For higher-ed institutions, this could mean predictive analytics that, based on things like learning trends, financial aid statistics, and teaching costs, can determine which students will succeed at the college before they are ever admitted. (Read: “Higher Education’s Big (Data) Bang: Part One.”)

Is it fair to use Big Data in this way, and should incoming students be notified of these analytics? How do we set up policy to protect student learning data that’s non-predicated? These are the questions we are trying to answer, explained Podesta.

3. Personnel, not software

“There’s a misconception that many data breaches are caused by software malfunctions,” said Mike Stonebraker, adjunct professor at MIT CSAIL. “The truth is, the tools used to manage Big Data, like The Hadoop/hive world, doesn’t make security mistakes. It’s the human element.”

Stonebraker argues that if Big Data users, like universities—often targets of data breaches—want to manage privacy risks, the database should have a command log.

“It’s perfectly acceptable to have a command log to know who’s doing what on the database. I’d also recommend creating a detection system to measure suspicious behavior in personnel when accessing the database. Yes, someone may have to create a breach for the system to become predictive, but it’s a worth investment,” he said.

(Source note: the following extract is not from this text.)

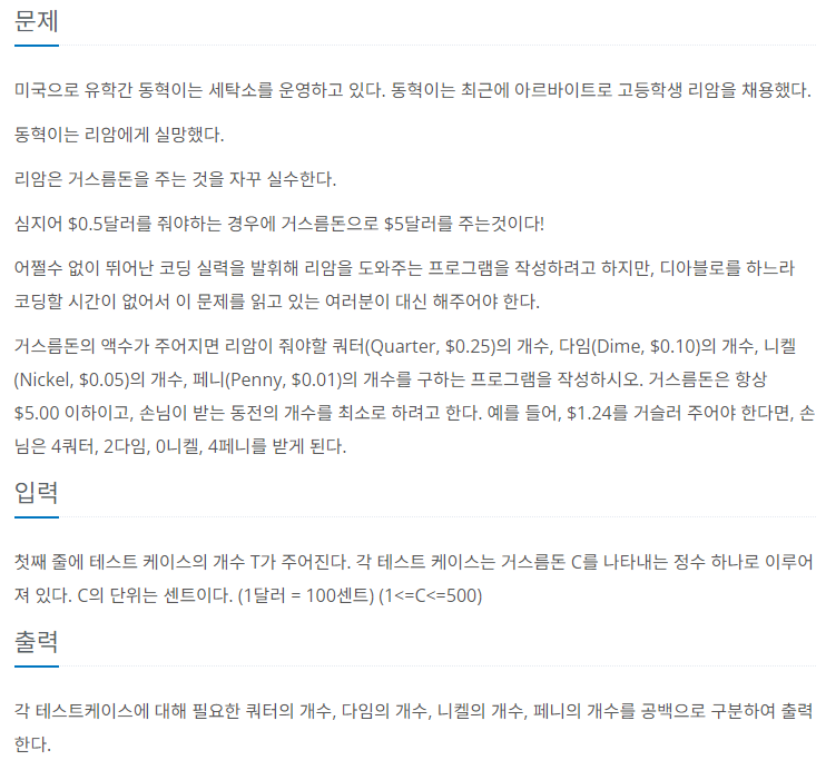 거스름돈 동전의 단위는 25센트(쿼터), 10센트(다임), 5센트(니켈), 1센트(페니) 이 순서대로 공백을 넣어 각 동전의 개수를 출력하면 된다.

(Next page: Considerations 4-5)

4. A culture of trust…and differentiated privacy

“The potential of big data hinges on one thing: trust,” explained Penny Pritzker, secretary of the U.S. Department of Commerce. “This promotion of trust can happen in how you plan to use their data, informing users of how you plan to use their data, training standards for employees, and also in consumers; consumers must share in trust through their online behaviors and becoming informed on their online data management.”

Cynthia Dwork for Microsoft Research explained how a relatively new definition of privacy, called differential privacy, could be used to help counter some of the security risks with online data.

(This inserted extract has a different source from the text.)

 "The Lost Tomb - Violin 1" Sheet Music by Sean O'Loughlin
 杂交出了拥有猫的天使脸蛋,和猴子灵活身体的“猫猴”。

Over the past five years, a new approach to privacy-preserving data analysis has born fruit, said Dwork, and this approach—differential privacy—includes a defined formal privacy guarantee. The data analysis techniques presented are then rigorously proved to satisfy the guarantee.

“Roughly speaking, this ensures that (almost, and quantifiably) no risk is incurred by joining a statistical database,” she said.

For more information on differential privacy, read Dwork’s paper.

One of the ways differential privacy is accomplished is through modern cryptography, which proposes a definition of what you’d like the cryptosystem to identify; then, an algorithm is developed to satisfy that definition until the definition is refined and, therefore, broken; then, another, stronger algorithm is developed for the new definition; and so continues the cycle.

Modern cryptography is a privacy-enhancing technology because it “uses techniques that extract from data without actually seeing it, keeping individual data sets private,” explained Shafi Goldwasser, professor at MIT CSAIL.

According to Goldwasser, there’s a lot of math involved, but higher education institutions can use modern cryptography to analyze information on students and programs mainly through the sharing of data sets with other institutions.

“Parties only learn the function of the output but nothing else about others’ inputs,” she said.

“By developing stronger cryptosystems, privacy loss can be managed,” said Dwork.

5. Privacy vs. the illusion of privacy

“Ultimately what needs to happen is an acceptance of the illusion of privacy,” said Manolis Kellis, associate professor at MIT CSAIL.

Every time you take a drink from a glass, explained Kellis, you leave behind your DNA, which reveals your personal information. In theory, if someone wanted to take that DNA from your glass they could.

“But you don’t hide your DNA by never touching things,” he continued. “Just like with Big Data and privacy, it’s out there and that’s the risk everyone takes by functioning in society. It’s the policies and laws that are implemented, security logs, and the information on how your data is used, that protects you.”

To think that a data breach won’t happen is an illusion; to plan for one through knowledge of current policies and cutting-edge technology tools to help mitigate that breach, is one way to protect privacy in a real way, said Kellis.